• Recorded information
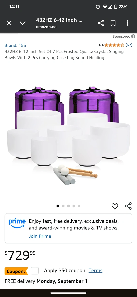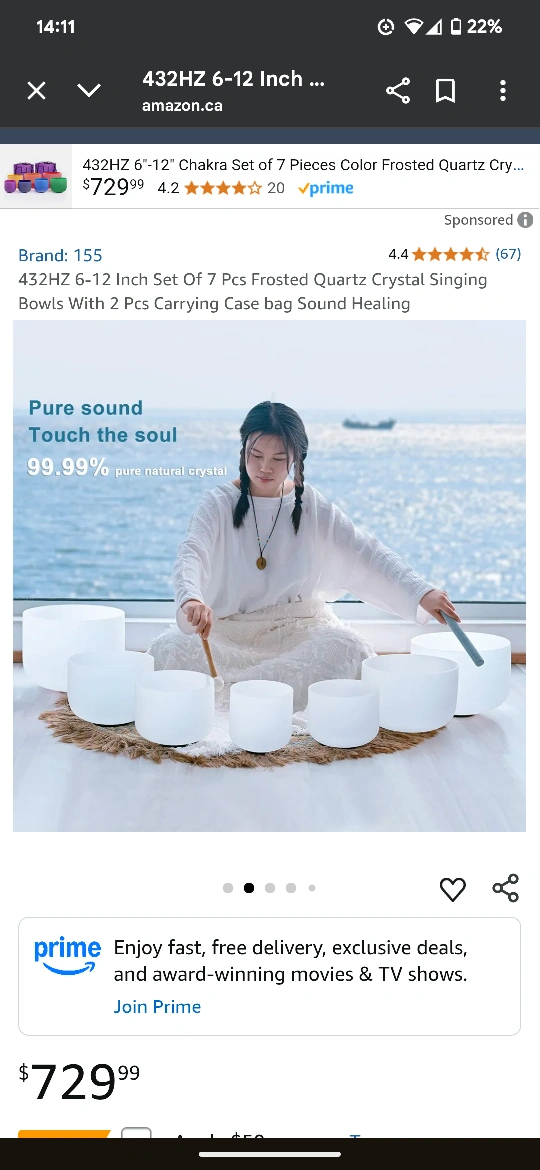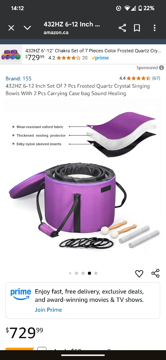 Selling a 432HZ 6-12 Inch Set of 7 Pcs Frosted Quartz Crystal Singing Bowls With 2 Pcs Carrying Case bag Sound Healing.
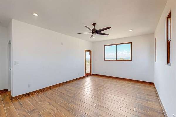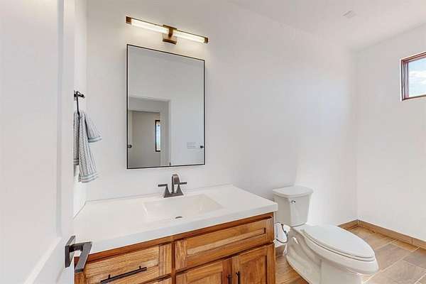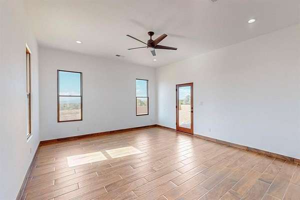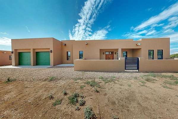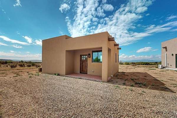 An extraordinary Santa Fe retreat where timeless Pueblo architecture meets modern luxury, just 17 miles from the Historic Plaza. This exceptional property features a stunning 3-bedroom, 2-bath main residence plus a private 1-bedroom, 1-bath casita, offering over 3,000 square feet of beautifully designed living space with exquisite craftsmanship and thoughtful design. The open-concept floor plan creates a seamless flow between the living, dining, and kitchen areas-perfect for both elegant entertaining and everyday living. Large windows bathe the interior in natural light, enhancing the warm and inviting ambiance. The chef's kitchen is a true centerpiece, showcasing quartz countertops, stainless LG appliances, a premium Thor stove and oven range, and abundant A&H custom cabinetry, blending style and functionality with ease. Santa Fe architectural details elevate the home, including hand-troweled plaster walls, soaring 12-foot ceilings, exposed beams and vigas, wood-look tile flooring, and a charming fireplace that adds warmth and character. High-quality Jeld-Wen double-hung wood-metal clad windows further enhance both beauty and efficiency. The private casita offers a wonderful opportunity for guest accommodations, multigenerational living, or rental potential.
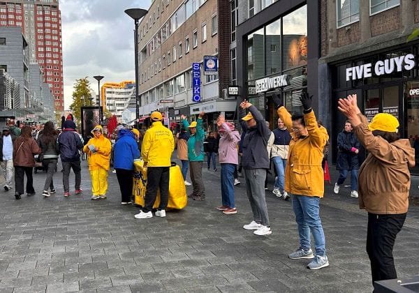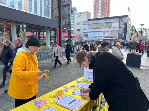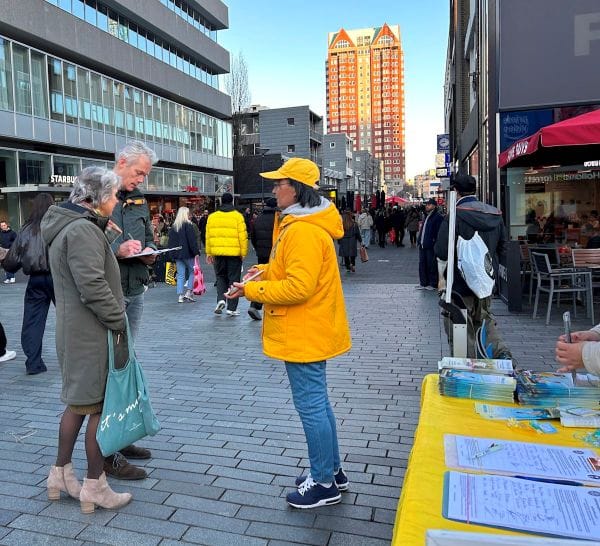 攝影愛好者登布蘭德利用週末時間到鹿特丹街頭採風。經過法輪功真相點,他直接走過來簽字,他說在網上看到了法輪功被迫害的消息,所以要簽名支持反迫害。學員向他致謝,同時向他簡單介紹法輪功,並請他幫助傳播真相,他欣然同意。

• Problem requirements
The data above must be copied exactly. Leave out the pictures.

• Result below
 Selling a 432HZ 6-12 Inch Set of 7 Pcs Frosted Quartz Crystal Singing Bowls With 2 Pcs Carrying Case bag Sound Healing.
 An extraordinary Santa Fe retreat where timeless Pueblo architecture meets modern luxury, just 17 miles from the Historic Plaza. This exceptional property features a stunning 3-bedroom, 2-bath main residence plus a private 1-bedroom, 1-bath casita, offering over 3,000 square feet of beautifully designed living space with exquisite craftsmanship and thoughtful design. The open-concept floor plan creates a seamless flow between the living, dining, and kitchen areas-perfect for both elegant entertaining and everyday living. Large windows bathe the interior in natural light, enhancing the warm and inviting ambiance. The chef's kitchen is a true centerpiece, showcasing quartz countertops, stainless LG appliances, a premium Thor stove and oven range, and abundant A&H custom cabinetry, blending style and functionality with ease. Santa Fe architectural details elevate the home, including hand-troweled plaster walls, soaring 12-foot ceilings, exposed beams and vigas, wood-look tile flooring, and a charming fireplace that adds warmth and character. High-quality Jeld-Wen double-hung wood-metal clad windows further enhance both beauty and efficiency. The private casita offers a wonderful opportunity for guest accommodations, multigenerational living, or rental potential.
 攝影愛好者登布蘭德利用週末時間到鹿特丹街頭採風。經過法輪功真相點,他直接走過來簽字,他說在網上看到了法輪功被迫害的消息,所以要簽名支持反迫害。學員向他致謝,同時向他簡單介紹法輪功,並請他幫助傳播真相,他欣然同意。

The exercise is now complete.